Set down, please, exactly the lines below that run from the line with "CUTENOVA Elegant Spaghetti" to the line with "书房的设计中,我们选择了推拉", both lines included.

Material for this exercise ▸
☆ ☆ ☆

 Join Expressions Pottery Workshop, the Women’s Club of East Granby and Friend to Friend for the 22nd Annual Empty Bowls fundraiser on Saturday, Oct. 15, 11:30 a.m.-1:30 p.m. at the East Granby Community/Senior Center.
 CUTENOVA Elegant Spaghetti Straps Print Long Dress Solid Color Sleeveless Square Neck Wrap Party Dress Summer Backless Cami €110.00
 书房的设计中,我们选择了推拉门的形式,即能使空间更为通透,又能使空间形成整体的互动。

☆ ☆ ☆

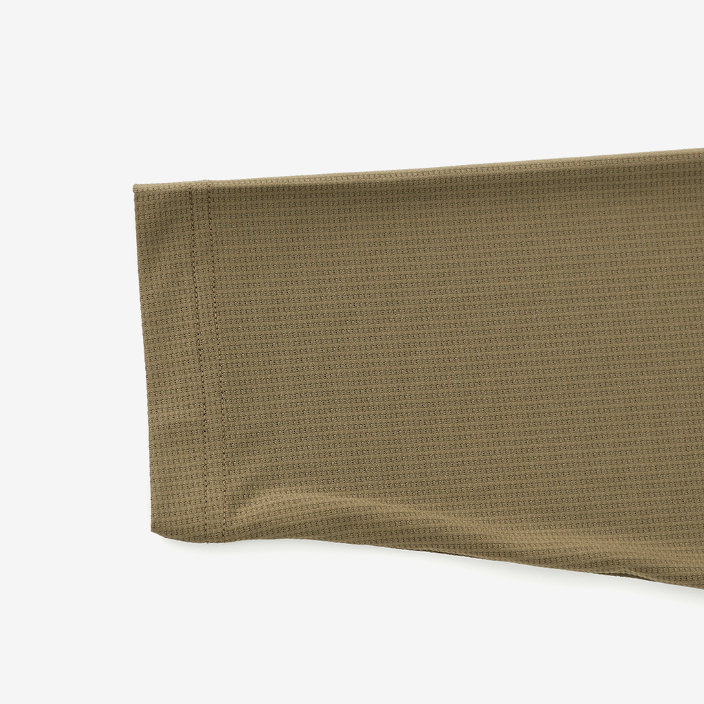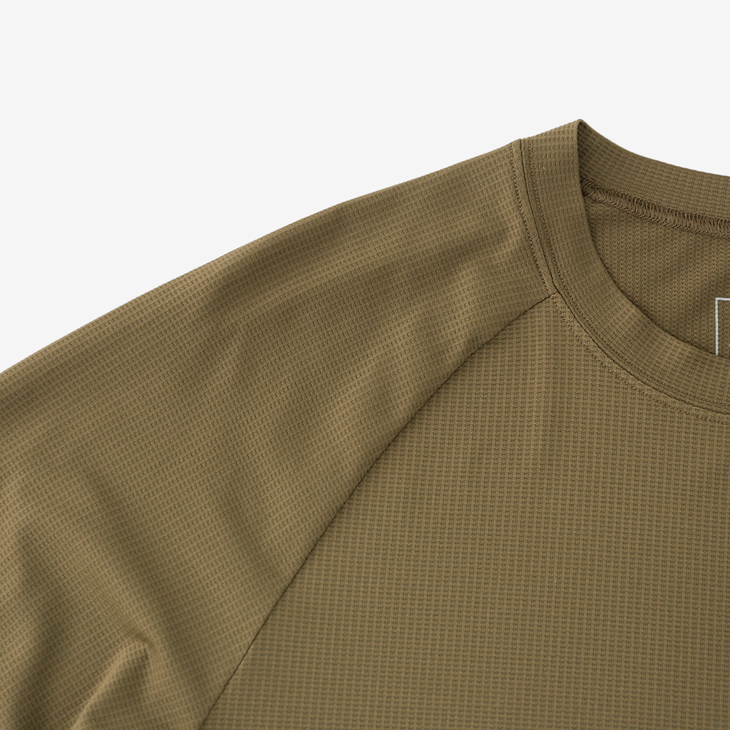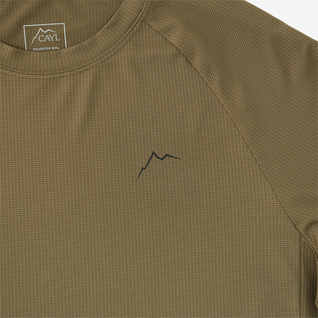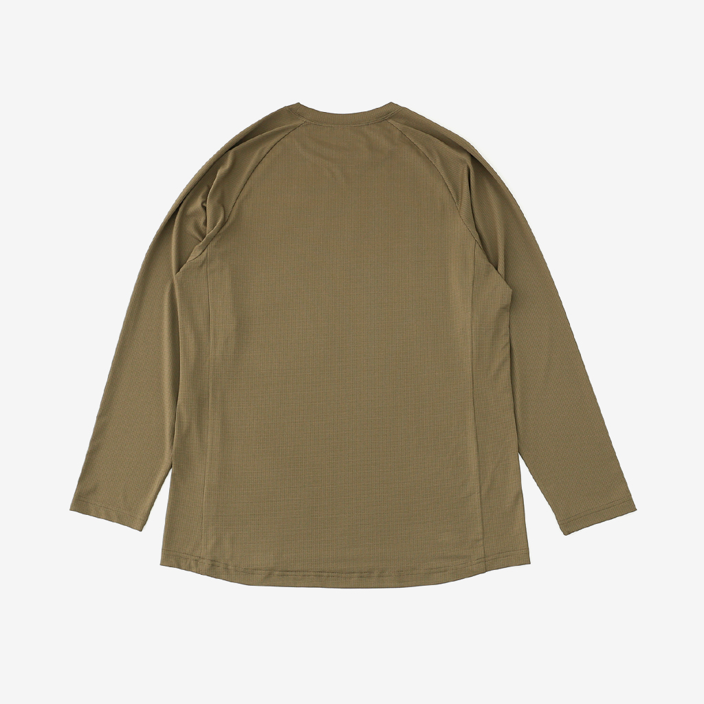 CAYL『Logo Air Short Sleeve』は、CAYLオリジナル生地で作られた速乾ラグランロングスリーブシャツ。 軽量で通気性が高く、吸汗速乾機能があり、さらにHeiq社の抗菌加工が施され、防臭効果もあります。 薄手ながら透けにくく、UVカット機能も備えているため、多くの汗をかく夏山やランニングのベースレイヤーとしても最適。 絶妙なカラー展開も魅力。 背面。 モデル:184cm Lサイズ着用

☆ ☆ ☆

Response area ▸
 CUTENOVA Elegant Spaghetti Straps Print Long Dress Solid Color Sleeveless Square Neck Wrap Party Dress Summer Backless Cami €110.00
 书房的设计中,我们选择了推拉门的形式,即能使空间更为通透,又能使空间形成整体的互动。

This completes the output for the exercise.